Diposting : 14 November 2022 01:54
YAN - Bali Tribune
balitribune.co.id | Denpasar - Rumah Budaya Penggak Men Mersi di Jalan WR Supratman Denpasar menjadi saksi, betapa kritik sosial cerdas ‘’tersuarakan’’ dalam sebuah garapan seni instalasi bertajuk ‘’The Golden Toilet in Winter’’ karya seniman Ketut Putrayasa, Sabtu (12/11). Karya instalasi itu direspons pembacaan puisi oleh sastrawan Wayan Jengki Sunarta dan gerak tari teaterikal seniman Achmad Obe Marzuki.
The Golden Toilet in Winter adalah seni instalasi teranyar I Ketut Putrayasa, perupa pematung berbakat kelahiran Canggu, Bali.
Instalasi ini menjadi sejenis satire, "art simbolik" yang boleh ditafsir dengan cara pandang beragam sekaligus ambigu. Ia bisa dimaknai sebagai sapaan, suara kritis, serta cibiran halus pada kekonyolan-kekonyolan kita hari ini. Secara tidak sadar kita menjadi manusia paradok (nungkalik), yang hulu kita jadikan hilir.
The Golden Toilet in Winter menjadi sejenis medium, bagaimana kritik dan sapaan yang kadang terbaca berseberangan itu ditembakkan lewat seni instalasi sebagai bentuk suara yang lain dan juga bentuk kepedulian yang tulus ikut terlibat merasakan krisis multidimensional hari ini. Di titik ini, The Golden Toilet in Winter bukan lalu menjadi suara yang berseberangan dengan pemegang kemufakatan dunia yang panglimannya hampir dipastikan adalah modal yang tunduk pada sistem pasar, rancangan ideologi digaja dunia kapitalis.
Misalnya, apa yang ada di balik kemufakatan-kemufakatan para pemimpin dunia bisa saja menafikan suara-suara warga dari bilik yang lain. Karena sungguh berbahaya manakala politik dan ekonomi kawin mawin. Naluri-naluri gelap manusia pasti selalu menelusup dalam "pernikahan" itu. Memang sebagaimana dikatakan Dr. B. Herry-Priyono, pengajar filsafat di Sekolah Tinggi Driyarkara. "Rezim pemangsa ada di mana-mana dan menghasilkan ketimpangan atau peminggiran yang makin dalam," ungkapnya.

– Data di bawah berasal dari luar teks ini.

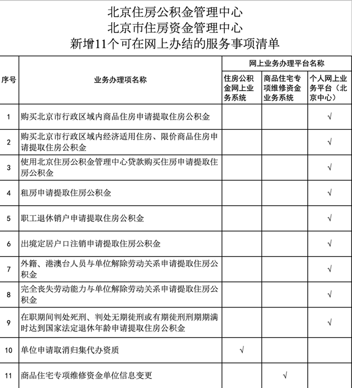 新增的11个可在网上办结的服务事项清单。图/北京住房公积金管理中心官网
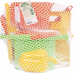 De duurzame mix van plastic en hout voelt prettig aan en heeft een subtiele houtgeur. De set is opgeborgen in een net van biologische katoen, wat de milieuvriendelijkheid onderstreept. Alle onderdelen zijn ontworpen voor kleine kinderhanden, zijn gemakkelijk schoon te maken en bestand tegen dagelijks spel.
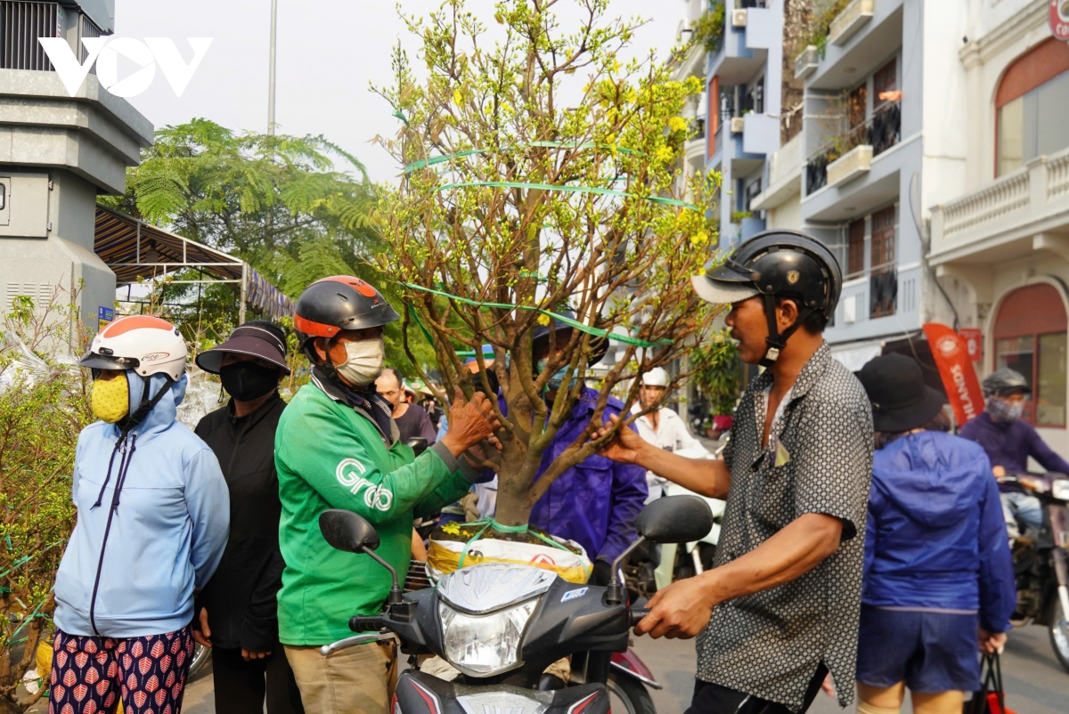 "Hôm qua nhà vườn mình đến đây từ 1 giờ chiều, hiện bán cũng ít, lai rai chứ không có nhiều. Mọi người chọn nhiều nhất là cây to chút, gọi là cây đại lộc, trung bình từ 800-1 triệu đồng", anh Tuấn nói.
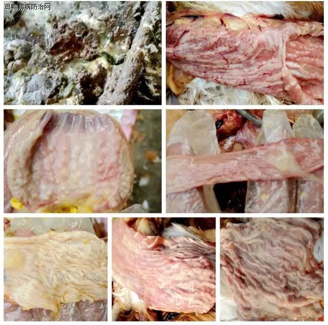 气管发红出血,腺胃乳头和基部轻微发红,胰腺边缘出血特别明显,鸡腹腔里面全是黄色干酪物,卵泡出现菜花状,盲肠扁桃体个别鸡只肿大出血,个别鸡只卵黄蒂下面两厘米处有轻微出现枣核状肿胀,输卵管水肿而且里面有白色分泌物,如图所示
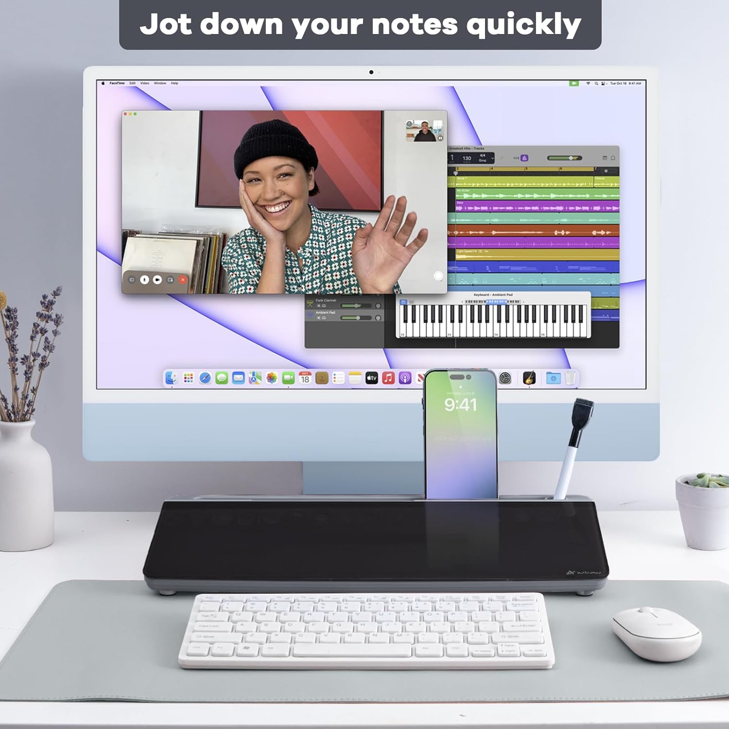- Desktop Memo: Sitting compactly between your monitor and keyboard, this small desktop glass whiteboard makes it easy for you to jot down quickly memos like to dos, reminders, schedules, phone numbers and brainstorm ideas during work, zoom meetings, phone calls and online class.

The Golden Toilet in Winter menghadirkan piranti sedikit absurd, yakni toilet yang dicat warna emas, karpet merah, dan tumpukan es balok. Seseorang dititahkan menggotong toilet emas, melintasi jalan berkarpet merah, tertatih dan ngos-ngosan, berjuang sekuat tenaga untuk bisa diletakkan pada tumpukan balok es.
"Tumpukan balok es itu boleh kita pahami sebagai simbol singasana yang dingin, juga menggambarkan situasi politik dunia yang dingin, yang saban waktu bisa meledak jadi krisis mengerikan," sentilnya.
Toilet, karpet, merah, dan balok es adalah barang sehari-hari biasa kita temui. Namun di tangan seniman Ketut Putrayasa, istalasi ini benar-benar menjadi satire, cibiran halus pada pemegang kuasa yang tidak sungguh-sungguh melenyapkan derita warga, tapi diam-diam membangun koorporasi, membuat kesenjangan antara yang miskin dan kaya begitu jomblang.